Coaly and carbonaceous shales are the most prolific source rocks in the Sabah basin because
of their abundance in large volumes (>2000m thick in some areas).
Reservoirs, traps and seals
The hydrocarbon generic reservoirs in the Sabah Basin are predominantly siliciclastic.
Good quality reservoirs are formed by coastal to fluvio-marine and stacked shallow marine
sandstones. Moreover, the marine turbidites in stages IVC/IVD also form thick, high–quality
reservoirs (Mazlan et al. , 1999). Carbonate reservoirs, although a minor component, have fair
to excellent reservoir quality. These carbonate mounds and reefs occur on the Kudat Platform
in the Northern Sabah Province. Most of the hydrocarbons occur in complex wrench-induced
faulted anticlines, rollover anticlines associated with growth faults, and other fault-related
closures.
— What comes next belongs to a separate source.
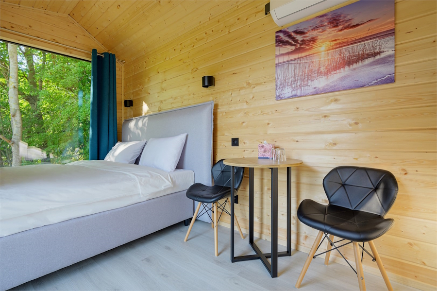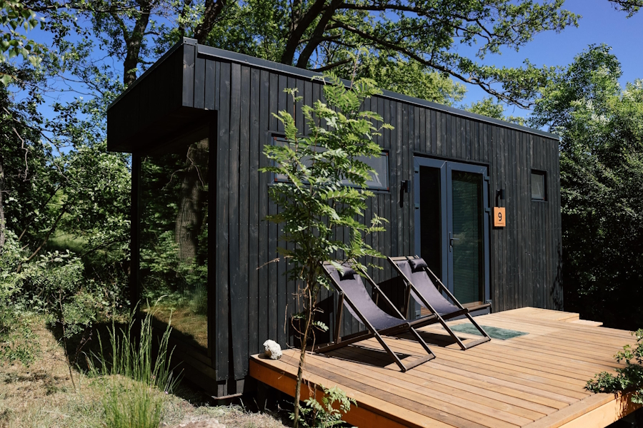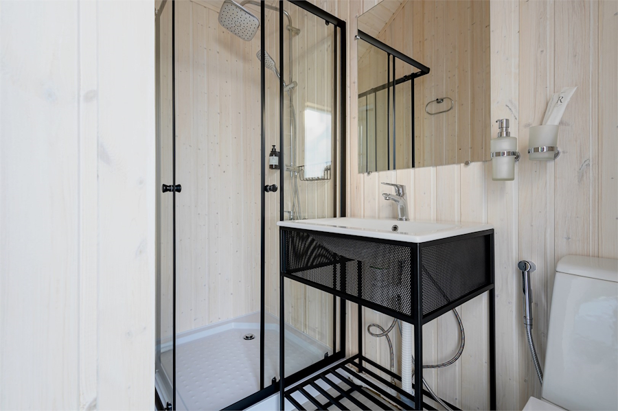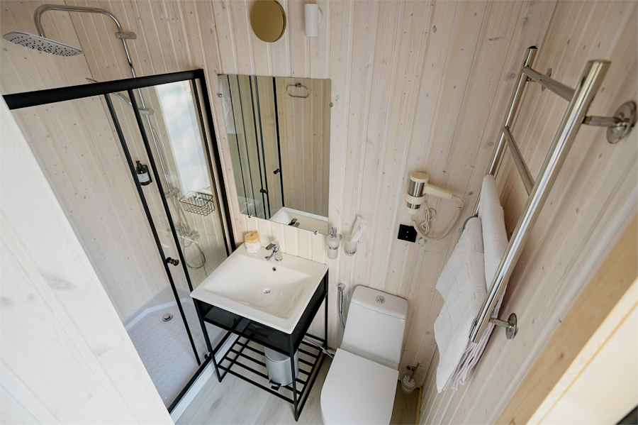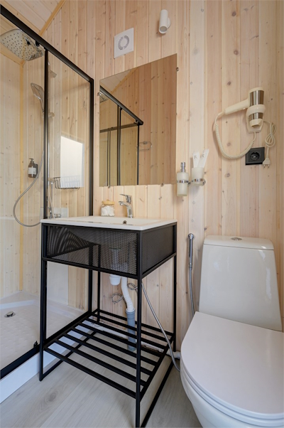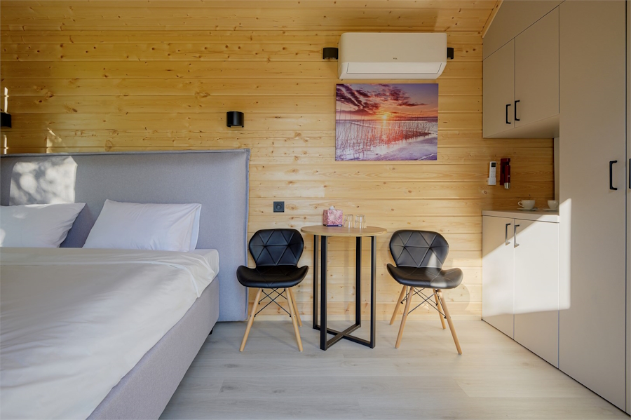 За 15 300 рублей (цена указана с учётом скидки 10%) предлагают забронировать «малый Хитте» с террасой, панорамным окном и видом на лес. Площадь домика 13 м², вместимость — до двух человек. В их распоряжении кухня, двуспальная кровать, ванная с косметическими принадлежностями, терраса, кондиционер, отопление и электрошторы.

The main structural traps in the western Sabah are fault propagation folds and fold
anticlines (Scherer, 1980). The hydrocarbons generally migrate through faults and within beds
(Nor Azidin et al., 2011). The seal in NW Sabah is mainly provided by intraformational shale
and mudstone with effective top and flank seals in many proven accumulations (e.g. Erb
West, Kinabalu, St Joseph fields). In some places, shale filled slump scars and shale diapirs
act as seal (Mazlan et al. , 1999).
3. Methodology
The methods adopted in this research include fieldwork and laboratory studies. The
laboratory studies can be grouped into organic petrological and geochemical analyses.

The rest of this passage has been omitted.